Work to complete. The entire listing that follows must be repeated exactly, pictures excluded.

───── Extracted data

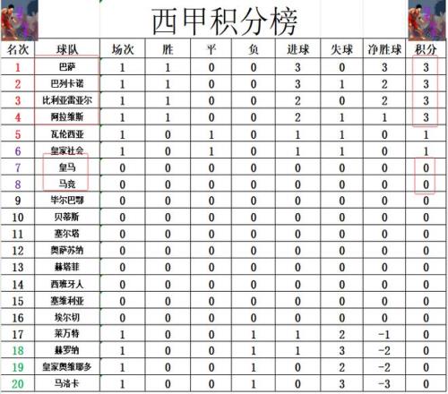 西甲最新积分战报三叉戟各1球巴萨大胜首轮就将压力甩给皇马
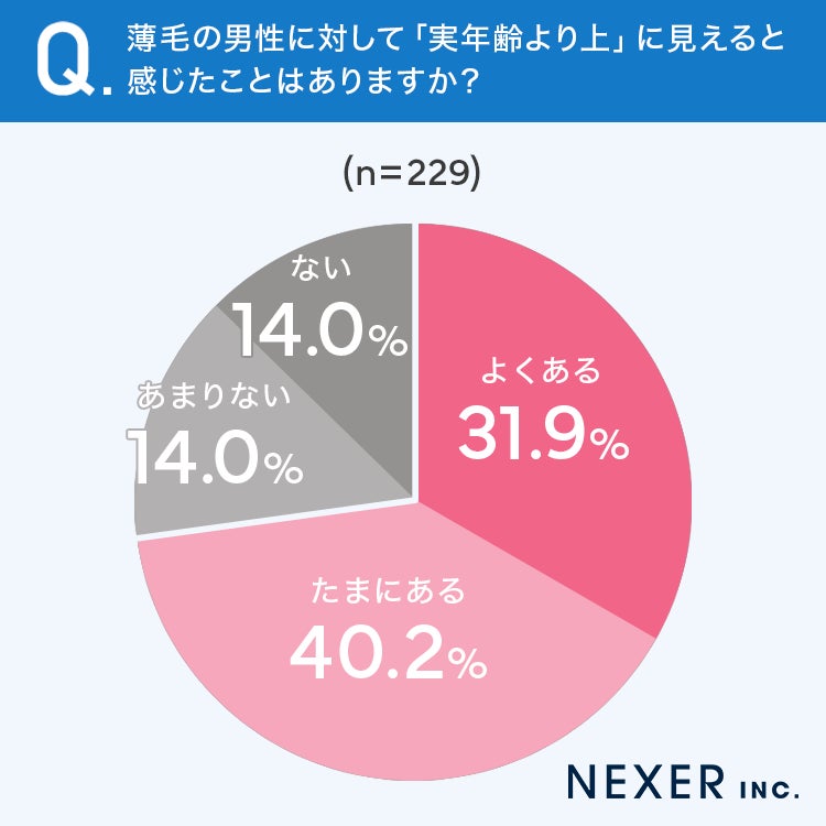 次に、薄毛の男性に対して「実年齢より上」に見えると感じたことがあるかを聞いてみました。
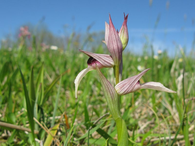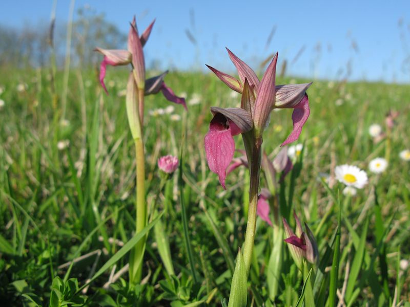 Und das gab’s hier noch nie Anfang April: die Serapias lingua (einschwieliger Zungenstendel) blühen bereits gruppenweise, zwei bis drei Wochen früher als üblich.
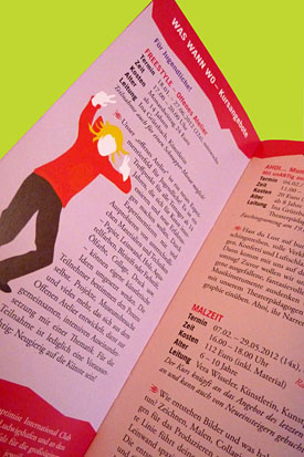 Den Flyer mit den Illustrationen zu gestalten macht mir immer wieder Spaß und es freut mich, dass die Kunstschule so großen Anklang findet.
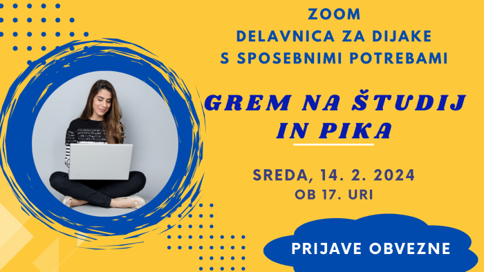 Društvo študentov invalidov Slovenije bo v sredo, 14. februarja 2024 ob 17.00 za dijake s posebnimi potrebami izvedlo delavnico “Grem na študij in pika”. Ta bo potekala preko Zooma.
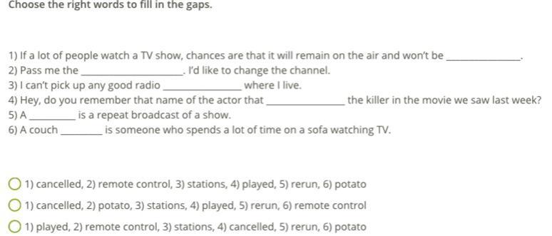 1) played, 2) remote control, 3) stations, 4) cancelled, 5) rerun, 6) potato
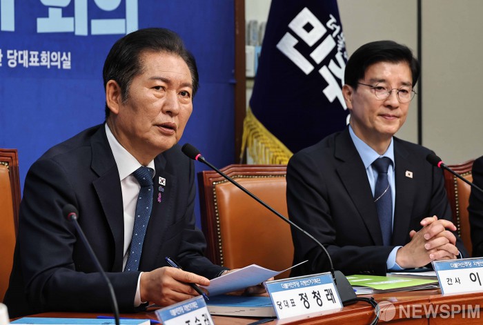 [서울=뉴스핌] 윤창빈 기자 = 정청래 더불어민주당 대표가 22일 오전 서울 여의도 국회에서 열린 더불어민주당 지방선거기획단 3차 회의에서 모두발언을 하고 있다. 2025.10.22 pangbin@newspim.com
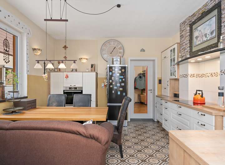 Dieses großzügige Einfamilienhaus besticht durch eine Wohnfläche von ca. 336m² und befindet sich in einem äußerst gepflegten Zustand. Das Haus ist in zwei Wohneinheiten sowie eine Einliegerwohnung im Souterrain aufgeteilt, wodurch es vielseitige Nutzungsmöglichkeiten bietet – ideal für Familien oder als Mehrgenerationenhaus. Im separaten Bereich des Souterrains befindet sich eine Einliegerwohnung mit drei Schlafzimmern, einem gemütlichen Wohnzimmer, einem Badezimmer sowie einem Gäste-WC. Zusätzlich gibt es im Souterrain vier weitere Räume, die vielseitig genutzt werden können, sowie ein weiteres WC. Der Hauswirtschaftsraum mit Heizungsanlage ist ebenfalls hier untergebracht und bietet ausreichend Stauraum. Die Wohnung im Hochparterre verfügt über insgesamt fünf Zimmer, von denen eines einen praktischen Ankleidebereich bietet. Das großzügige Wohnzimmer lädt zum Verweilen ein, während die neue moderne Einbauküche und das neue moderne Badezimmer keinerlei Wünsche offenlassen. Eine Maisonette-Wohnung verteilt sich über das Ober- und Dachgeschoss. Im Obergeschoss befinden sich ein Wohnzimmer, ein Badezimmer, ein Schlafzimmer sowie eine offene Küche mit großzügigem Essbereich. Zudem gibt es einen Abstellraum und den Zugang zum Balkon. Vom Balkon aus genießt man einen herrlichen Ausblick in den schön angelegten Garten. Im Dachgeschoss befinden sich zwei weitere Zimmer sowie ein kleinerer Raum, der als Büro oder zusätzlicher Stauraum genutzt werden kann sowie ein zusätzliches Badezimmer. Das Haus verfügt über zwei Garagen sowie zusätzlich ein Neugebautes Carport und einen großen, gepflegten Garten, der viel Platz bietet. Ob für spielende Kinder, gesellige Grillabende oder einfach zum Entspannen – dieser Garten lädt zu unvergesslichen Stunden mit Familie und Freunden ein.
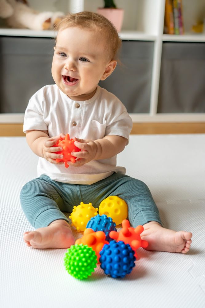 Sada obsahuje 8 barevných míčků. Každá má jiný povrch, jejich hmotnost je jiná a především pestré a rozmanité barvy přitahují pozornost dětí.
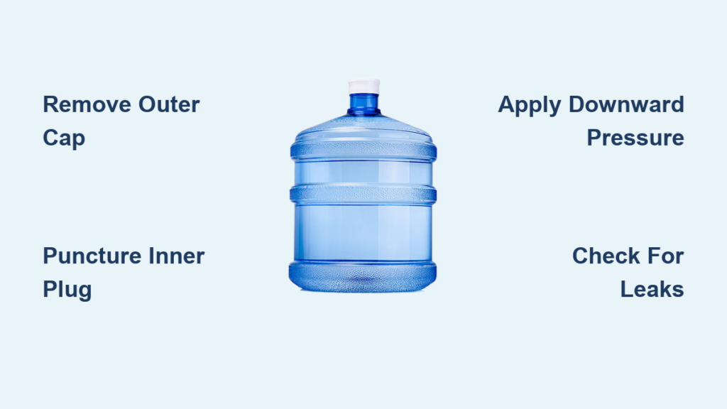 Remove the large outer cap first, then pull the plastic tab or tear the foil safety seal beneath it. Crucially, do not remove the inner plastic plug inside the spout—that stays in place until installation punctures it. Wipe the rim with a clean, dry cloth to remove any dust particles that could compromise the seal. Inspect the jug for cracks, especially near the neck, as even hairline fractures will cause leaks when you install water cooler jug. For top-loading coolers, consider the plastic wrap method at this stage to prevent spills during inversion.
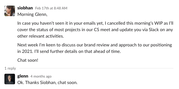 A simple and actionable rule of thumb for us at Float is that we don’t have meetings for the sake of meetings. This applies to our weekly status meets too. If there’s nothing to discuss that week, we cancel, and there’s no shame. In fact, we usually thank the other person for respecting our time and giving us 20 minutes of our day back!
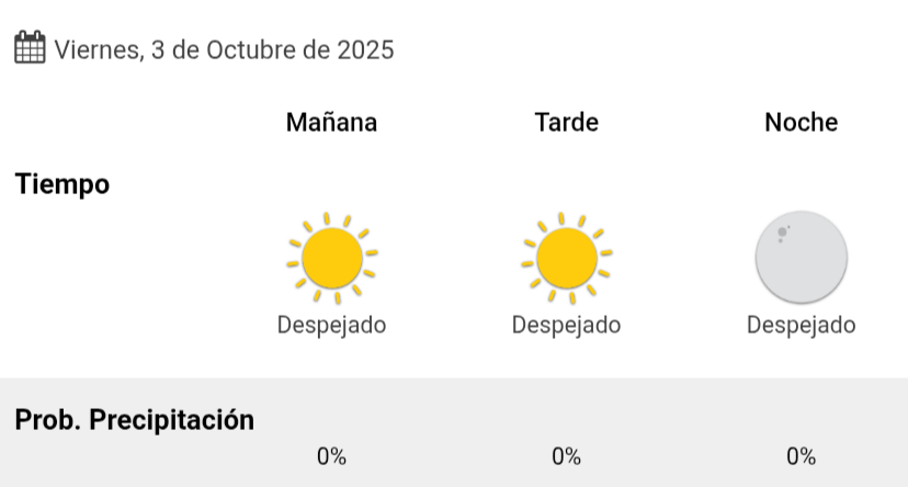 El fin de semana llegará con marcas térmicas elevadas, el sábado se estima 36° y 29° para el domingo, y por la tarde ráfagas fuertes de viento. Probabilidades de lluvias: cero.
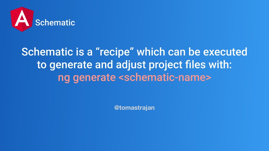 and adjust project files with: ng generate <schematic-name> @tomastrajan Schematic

──────────

Output below.
 西甲最新积分战报三叉戟各1球巴萨大胜首轮就将压力甩给皇马
 次に、薄毛の男性に対して「実年齢より上」に見えると感じたことがあるかを聞いてみました。
 Und das gab’s hier noch nie Anfang April: die Serapias lingua (einschwieliger Zungenstendel) blühen bereits gruppenweise, zwei bis drei Wochen früher als üblich.
 Den Flyer mit den Illustrationen zu gestalten macht mir immer wieder Spaß und es freut mich, dass die Kunstschule so großen Anklang findet.
 Društvo študentov invalidov Slovenije bo v sredo, 14. februarja 2024 ob 17.00 za dijake s posebnimi potrebami izvedlo delavnico “Grem na študij in pika”. Ta bo potekala preko Zooma.
 1) played, 2) remote control, 3) stations, 4) cancelled, 5) rerun, 6) potato
 [서울=뉴스핌] 윤창빈 기자 = 정청래 더불어민주당 대표가 22일 오전 서울 여의도 국회에서 열린 더불어민주당 지방선거기획단 3차 회의에서 모두발언을 하고 있다. 2025.10.22 pangbin@newspim.com
 Dieses großzügige Einfamilienhaus besticht durch eine Wohnfläche von ca. 336m² und befindet sich in einem äußerst gepflegten Zustand. Das Haus ist in zwei Wohneinheiten sowie eine Einliegerwohnung im Souterrain aufgeteilt, wodurch es vielseitige Nutzungsmöglichkeiten bietet – ideal für Familien oder als Mehrgenerationenhaus. Im separaten Bereich des Souterrains befindet sich eine Einliegerwohnung mit drei Schlafzimmern, einem gemütlichen Wohnzimmer, einem Badezimmer sowie einem Gäste-WC. Zusätzlich gibt es im Souterrain vier weitere Räume, die vielseitig genutzt werden können, sowie ein weiteres WC. Der Hauswirtschaftsraum mit Heizungsanlage ist ebenfalls hier untergebracht und bietet ausreichend Stauraum. Die Wohnung im Hochparterre verfügt über insgesamt fünf Zimmer, von denen eines einen praktischen Ankleidebereich bietet. Das großzügige Wohnzimmer lädt zum Verweilen ein, während die neue moderne Einbauküche und das neue moderne Badezimmer keinerlei Wünsche offenlassen. Eine Maisonette-Wohnung verteilt sich über das Ober- und Dachgeschoss. Im Obergeschoss befinden sich ein Wohnzimmer, ein Badezimmer, ein Schlafzimmer sowie eine offene Küche mit großzügigem Essbereich. Zudem gibt es einen Abstellraum und den Zugang zum Balkon. Vom Balkon aus genießt man einen herrlichen Ausblick in den schön angelegten Garten. Im Dachgeschoss befinden sich zwei weitere Zimmer sowie ein kleinerer Raum, der als Büro oder zusätzlicher Stauraum genutzt werden kann sowie ein zusätzliches Badezimmer. Das Haus verfügt über zwei Garagen sowie zusätzlich ein Neugebautes Carport und einen großen, gepflegten Garten, der viel Platz bietet. Ob für spielende Kinder, gesellige Grillabende oder einfach zum Entspannen – dieser Garten lädt zu unvergesslichen Stunden mit Familie und Freunden ein.
 Sada obsahuje 8 barevných míčků. Každá má jiný povrch, jejich hmotnost je jiná a především pestré a rozmanité barvy přitahují pozornost dětí.
 Remove the large outer cap first, then pull the plastic tab or tear the foil safety seal beneath it. Crucially, do not remove the inner plastic plug inside the spout—that stays in place until installation punctures it. Wipe the rim with a clean, dry cloth to remove any dust particles that could compromise the seal. Inspect the jug for cracks, especially near the neck, as even hairline fractures will cause leaks when you install water cooler jug. For top-loading coolers, consider the plastic wrap method at this stage to prevent spills during inversion.
 A simple and actionable rule of thumb for us at Float is that we don’t have meetings for the sake of meetings. This applies to our weekly status meets too. If there’s nothing to discuss that week, we cancel, and there’s no shame. In fact, we usually thank the other person for respecting our time and giving us 20 minutes of our day back!
 El fin de semana llegará con marcas térmicas elevadas, el sábado se estima 36° y 29° para el domingo, y por la tarde ráfagas fuertes de viento. Probabilidades de lluvias: cero.
 and adjust project files with: ng generate <schematic-name> @tomastrajan Schematic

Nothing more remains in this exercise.